Records provided:
-*-*-

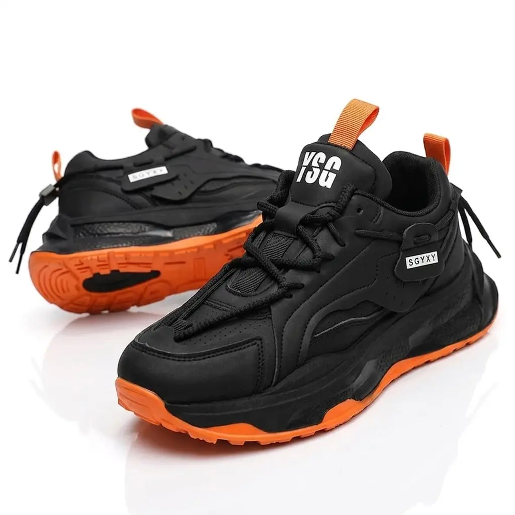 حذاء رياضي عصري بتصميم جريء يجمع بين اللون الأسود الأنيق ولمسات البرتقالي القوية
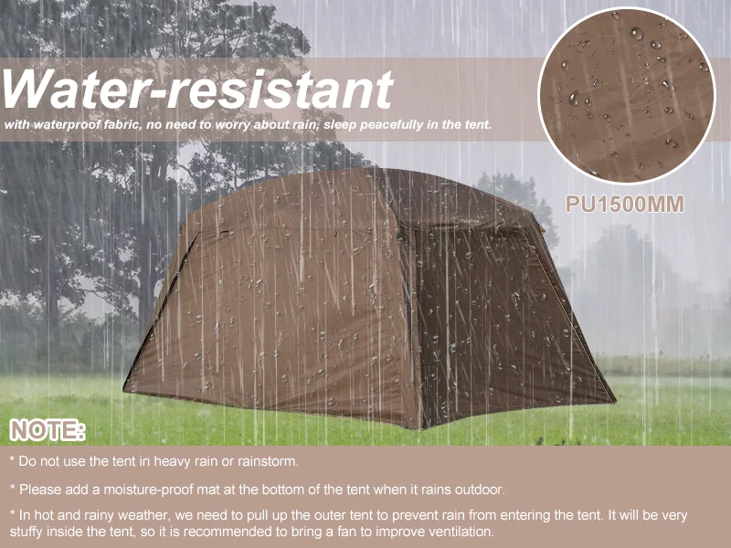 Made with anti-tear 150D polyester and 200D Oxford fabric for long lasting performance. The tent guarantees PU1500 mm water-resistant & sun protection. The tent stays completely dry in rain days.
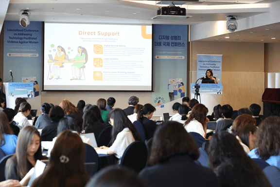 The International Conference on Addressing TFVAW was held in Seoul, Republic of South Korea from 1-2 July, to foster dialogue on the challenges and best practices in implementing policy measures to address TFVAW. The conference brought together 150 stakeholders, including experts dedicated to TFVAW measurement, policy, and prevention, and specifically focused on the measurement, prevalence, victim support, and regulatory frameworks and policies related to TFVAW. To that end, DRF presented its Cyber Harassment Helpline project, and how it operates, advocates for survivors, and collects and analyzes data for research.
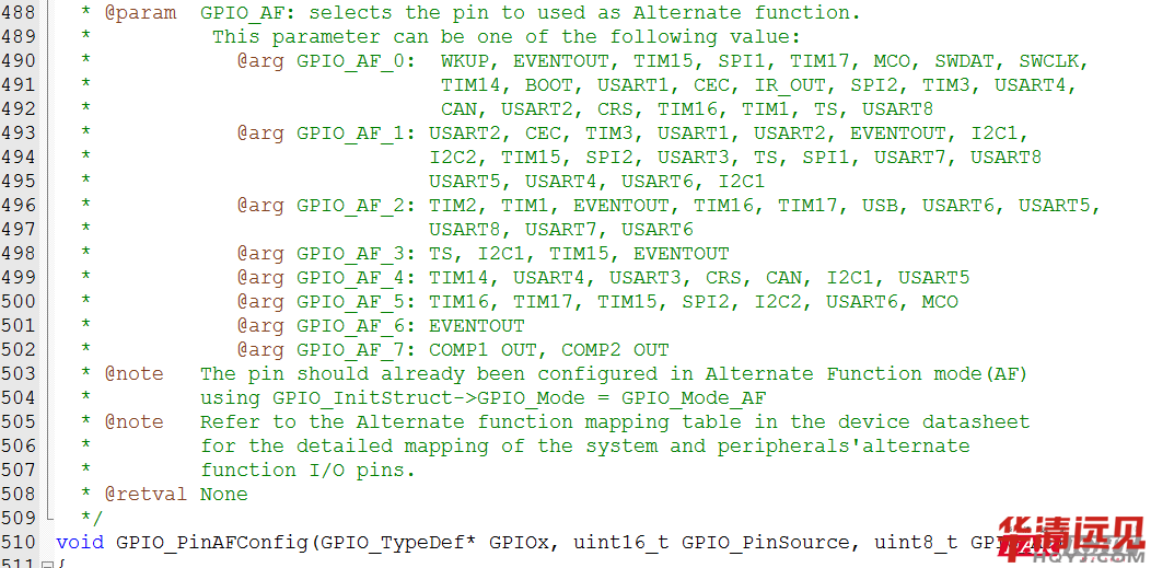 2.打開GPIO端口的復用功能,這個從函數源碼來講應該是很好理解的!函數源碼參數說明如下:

-*-*-

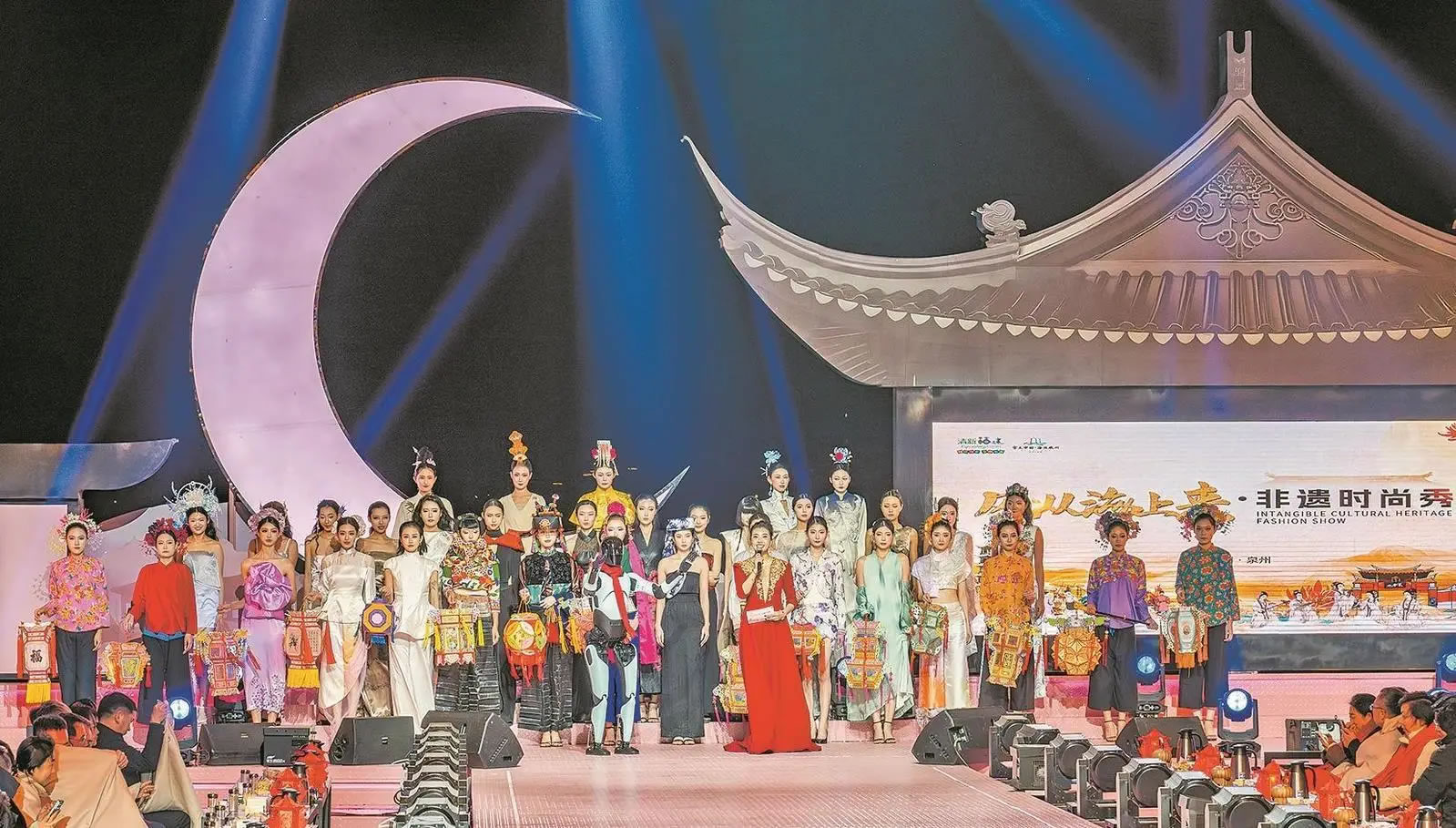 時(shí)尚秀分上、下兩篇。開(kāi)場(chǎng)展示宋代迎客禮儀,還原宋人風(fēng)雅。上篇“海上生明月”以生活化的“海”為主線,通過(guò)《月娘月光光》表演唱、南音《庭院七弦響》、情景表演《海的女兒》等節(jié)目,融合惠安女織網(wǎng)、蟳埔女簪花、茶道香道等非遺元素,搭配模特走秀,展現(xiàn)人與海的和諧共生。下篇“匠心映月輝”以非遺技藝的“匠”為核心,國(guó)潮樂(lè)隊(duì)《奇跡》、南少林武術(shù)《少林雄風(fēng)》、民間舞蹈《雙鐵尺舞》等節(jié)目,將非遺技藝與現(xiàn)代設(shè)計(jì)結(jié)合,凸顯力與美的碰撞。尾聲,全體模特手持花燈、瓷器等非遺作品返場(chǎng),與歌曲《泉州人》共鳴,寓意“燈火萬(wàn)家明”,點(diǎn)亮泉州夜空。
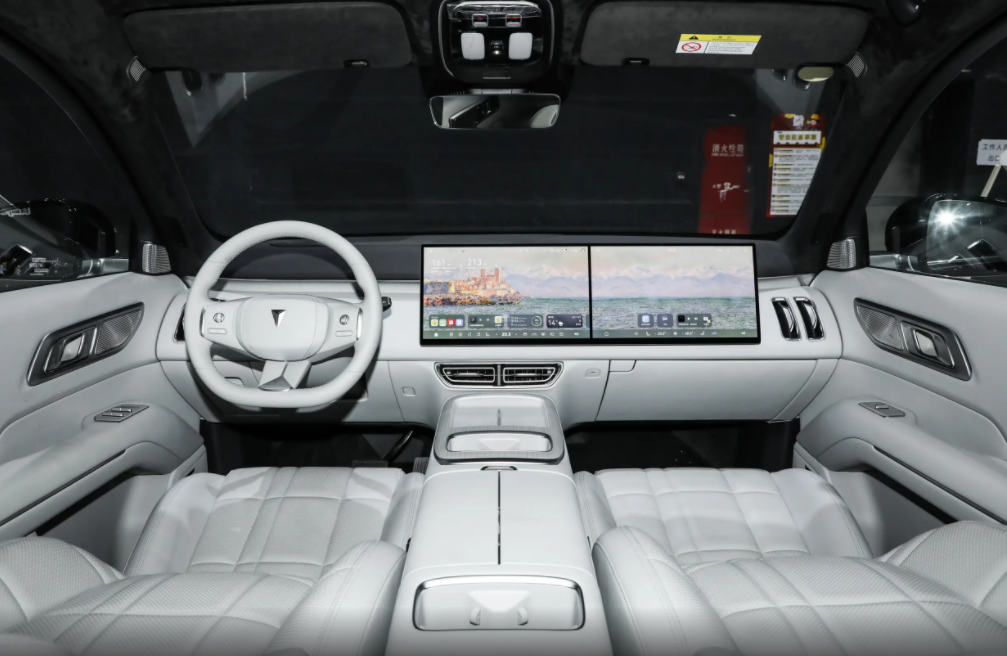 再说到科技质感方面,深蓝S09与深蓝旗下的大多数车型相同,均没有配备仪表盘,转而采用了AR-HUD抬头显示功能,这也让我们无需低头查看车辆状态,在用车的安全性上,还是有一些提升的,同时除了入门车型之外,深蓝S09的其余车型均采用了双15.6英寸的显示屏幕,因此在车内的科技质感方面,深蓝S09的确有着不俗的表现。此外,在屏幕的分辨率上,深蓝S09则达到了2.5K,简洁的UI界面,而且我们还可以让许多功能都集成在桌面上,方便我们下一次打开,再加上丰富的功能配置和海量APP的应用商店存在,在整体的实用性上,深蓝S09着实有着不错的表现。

-*-*-

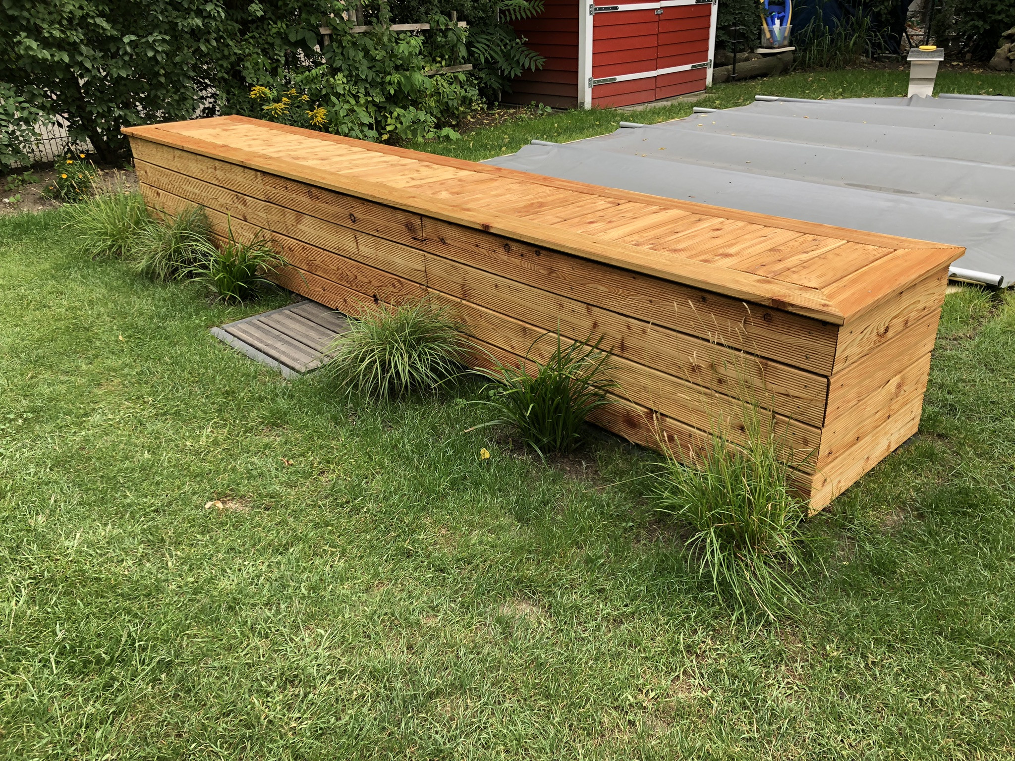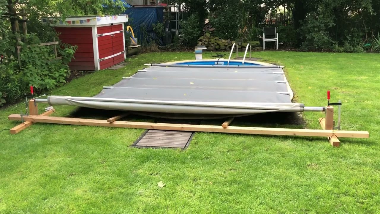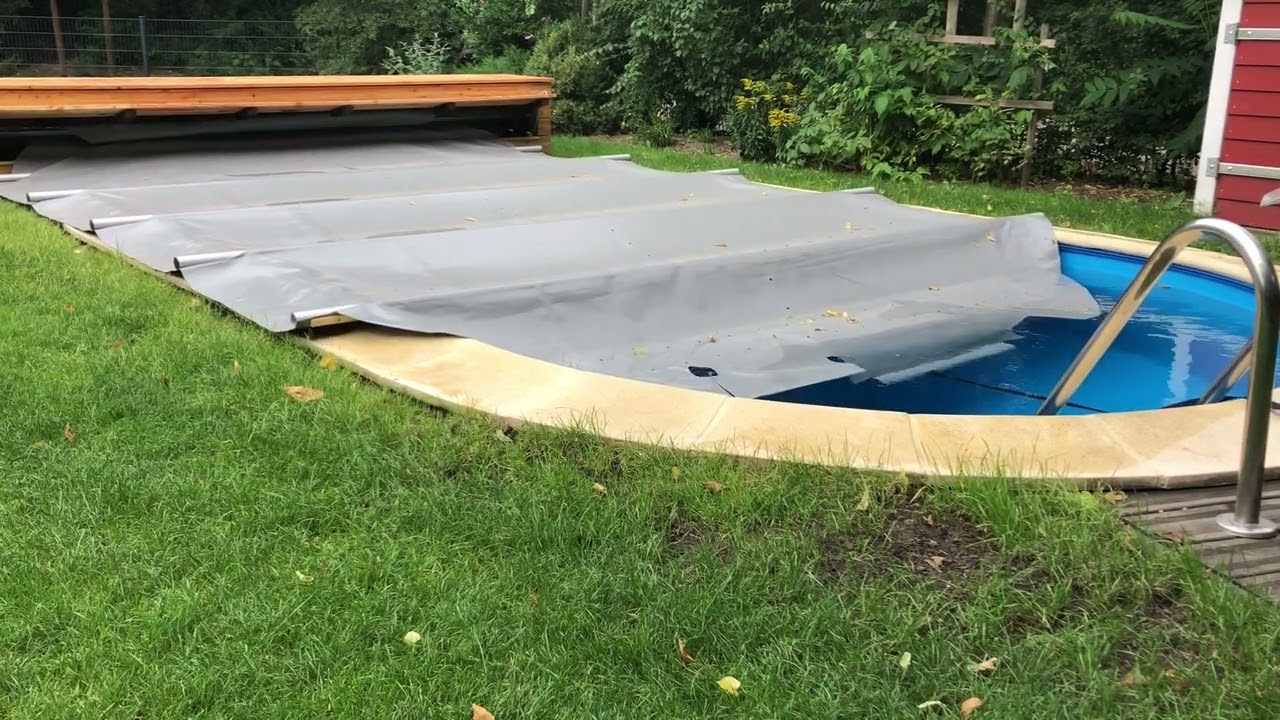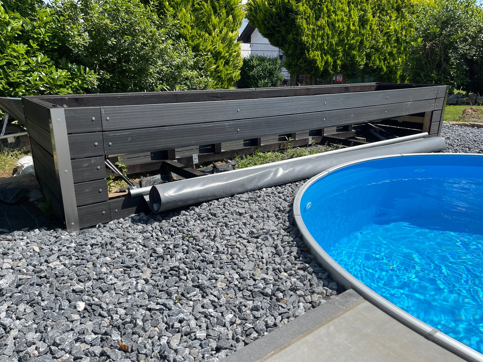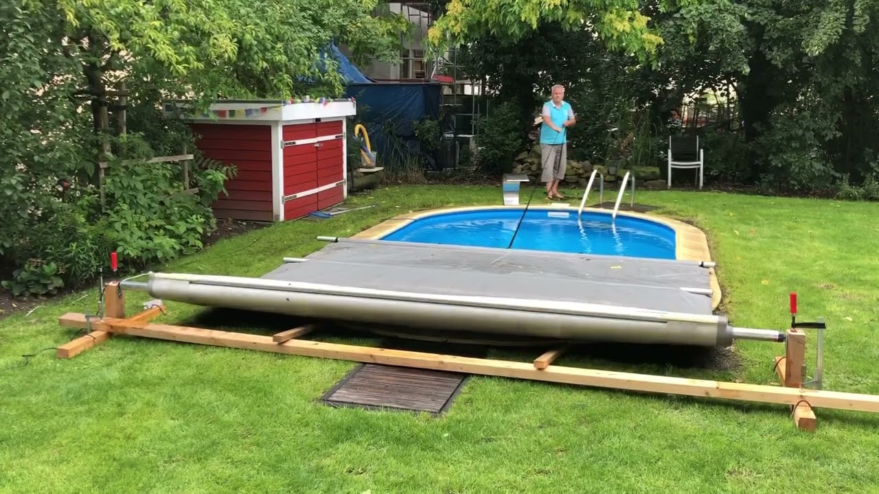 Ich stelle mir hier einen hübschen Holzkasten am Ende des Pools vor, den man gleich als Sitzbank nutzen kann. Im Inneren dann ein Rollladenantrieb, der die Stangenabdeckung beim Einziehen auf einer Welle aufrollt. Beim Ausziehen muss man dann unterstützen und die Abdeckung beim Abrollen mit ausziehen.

-*-*-

Work instructions:
Only one stretch of the data is wanted: write out exactly the lines from the one holding "حذاء رياضي عصري" through the one holding "Made with anti-tear", both included, without the pictures.

Written answer:
 حذاء رياضي عصري بتصميم جريء يجمع بين اللون الأسود الأنيق ولمسات البرتقالي القوية
 Made with anti-tear 150D polyester and 200D Oxford fabric for long lasting performance. The tent guarantees PU1500 mm water-resistant & sun protection. The tent stays completely dry in rain days.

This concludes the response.